Among the entries below, find the line with "为进一步优化基层农技人员知识" and the line with "Placa de nome". Return exactly those lines and every line between them, but no pictures.

::: The data :::

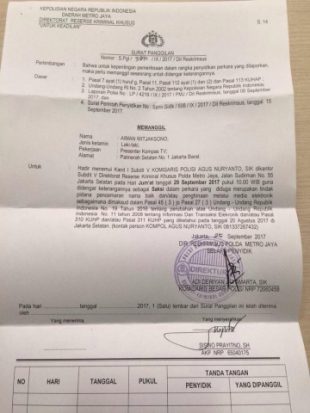 Surat Panggilan Polisi Pencemaran Nama Baik
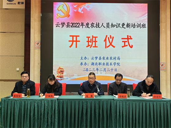 为进一步优化基层农技人员知识结构,有针对性地弥补能力短板,切实增强基层农技推广体系服务能力和水平,给全面推进乡村振兴、加快农业农村现代化、建设产业强省提供坚强的科技支撑和人才保障。2月20日上午,由云梦县农业农村局主办,kaiyun云开登录入口继续教育学院、kaiyun云开登录入口承办的云梦县2022年度基层农技人员知识更新培训班顺利开班。云梦县农业农村局党组成员副局长李桃庆,学校副校长梅重出席开班仪式。云梦县农村农业局、学校继续教育学院、kaiyun云开登录入口相关负责人、云梦县53名参训基层农技人员参加了开班仪式。开班仪式由学校kaiyun云开登录入口院长徐斌华主持。
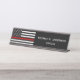 Placa de nome do bombeiro fino da linha vermelha - bandeira americana em cores de bandeira do bombeiro, design preto e vermelho moderno. Personalize com o nome e a classificação dos bombeiros. Esta placa personalizada de nome de bombeiro é perfeita para os departamentos de bombeiros, bombeiros e bombeiros. COPYRIGHT © 2020 Judy Burrows, Black Dog Art - Todos Os Direitos Reservados. Policial Personalizado Fino Blue Line Desk Plate
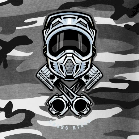 Tričko strednej gramáže vo farbách camouflage. Strih s bočnými švami. Lem priekrčníku z rebrového úpletu s prídavkom 5% elastanu. Vnútorná časť zadného priekrčníka začistená páskou vo farbe camouflage.
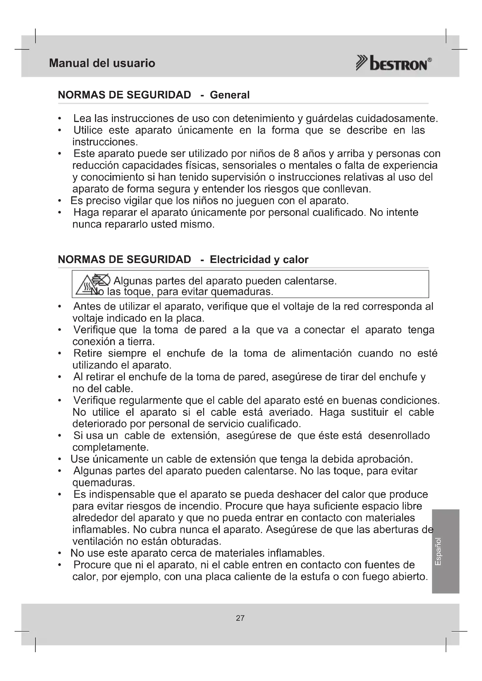 NORMAS DE SEGURIDAD - Electricidad y calor
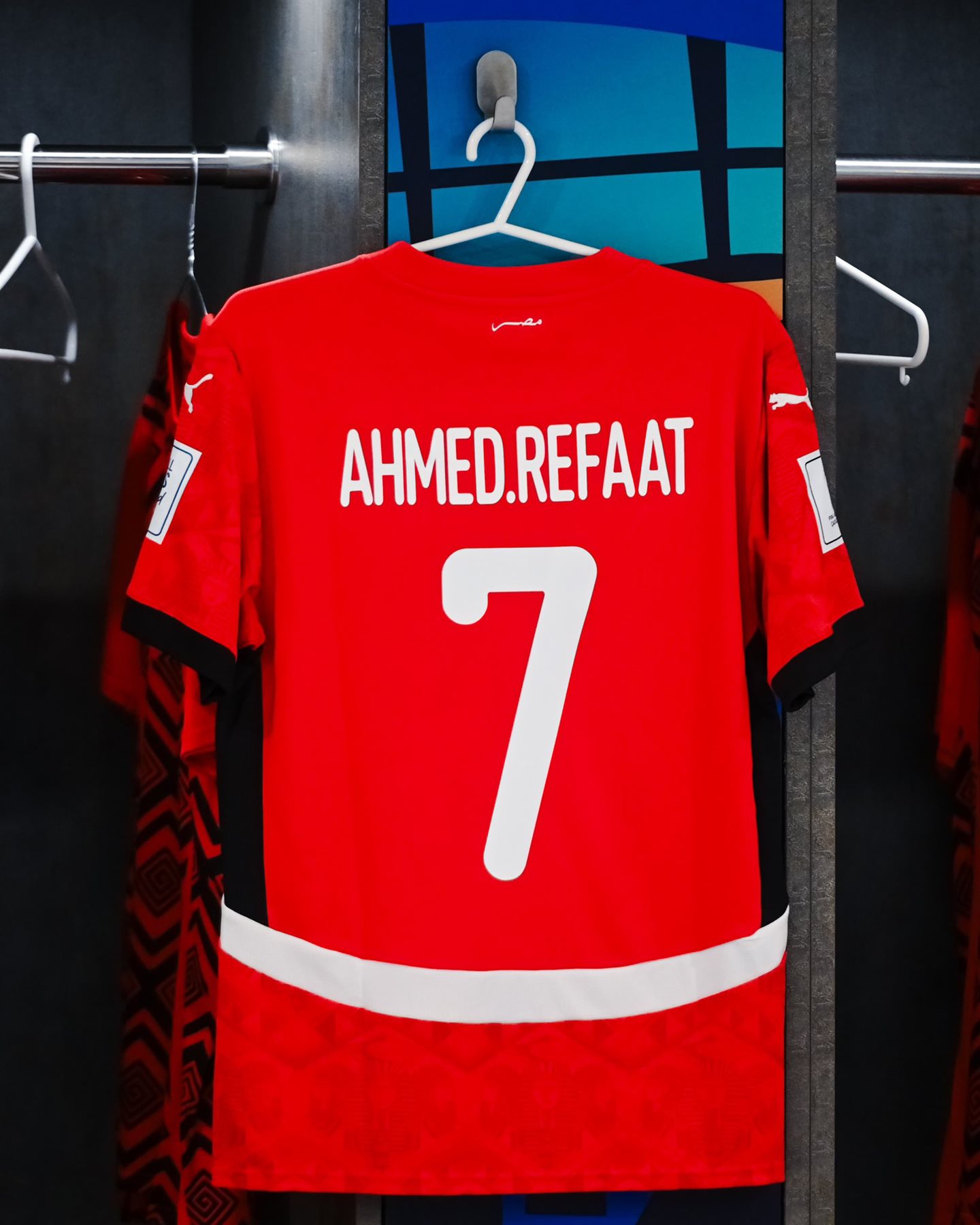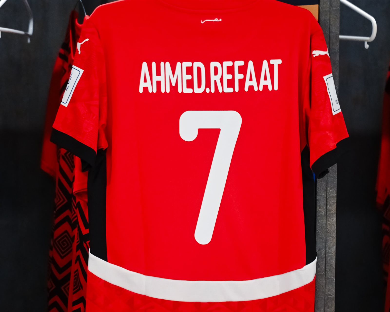 تكريما للراحل.. قميص أحمد رفعت في غرفة ملابس منتخب مصر قبل مواجهة الكويت (صور)

:::

◆ Exercise answer
 为进一步优化基层农技人员知识结构,有针对性地弥补能力短板,切实增强基层农技推广体系服务能力和水平,给全面推进乡村振兴、加快农业农村现代化、建设产业强省提供坚强的科技支撑和人才保障。2月20日上午,由云梦县农业农村局主办,kaiyun云开登录入口继续教育学院、kaiyun云开登录入口承办的云梦县2022年度基层农技人员知识更新培训班顺利开班。云梦县农业农村局党组成员副局长李桃庆,学校副校长梅重出席开班仪式。云梦县农村农业局、学校继续教育学院、kaiyun云开登录入口相关负责人、云梦县53名参训基层农技人员参加了开班仪式。开班仪式由学校kaiyun云开登录入口院长徐斌华主持。
 Placa de nome do bombeiro fino da linha vermelha - bandeira americana em cores de bandeira do bombeiro, design preto e vermelho moderno. Personalize com o nome e a classificação dos bombeiros. Esta placa personalizada de nome de bombeiro é perfeita para os departamentos de bombeiros, bombeiros e bombeiros. COPYRIGHT © 2020 Judy Burrows, Black Dog Art - Todos Os Direitos Reservados. Policial Personalizado Fino Blue Line Desk Plate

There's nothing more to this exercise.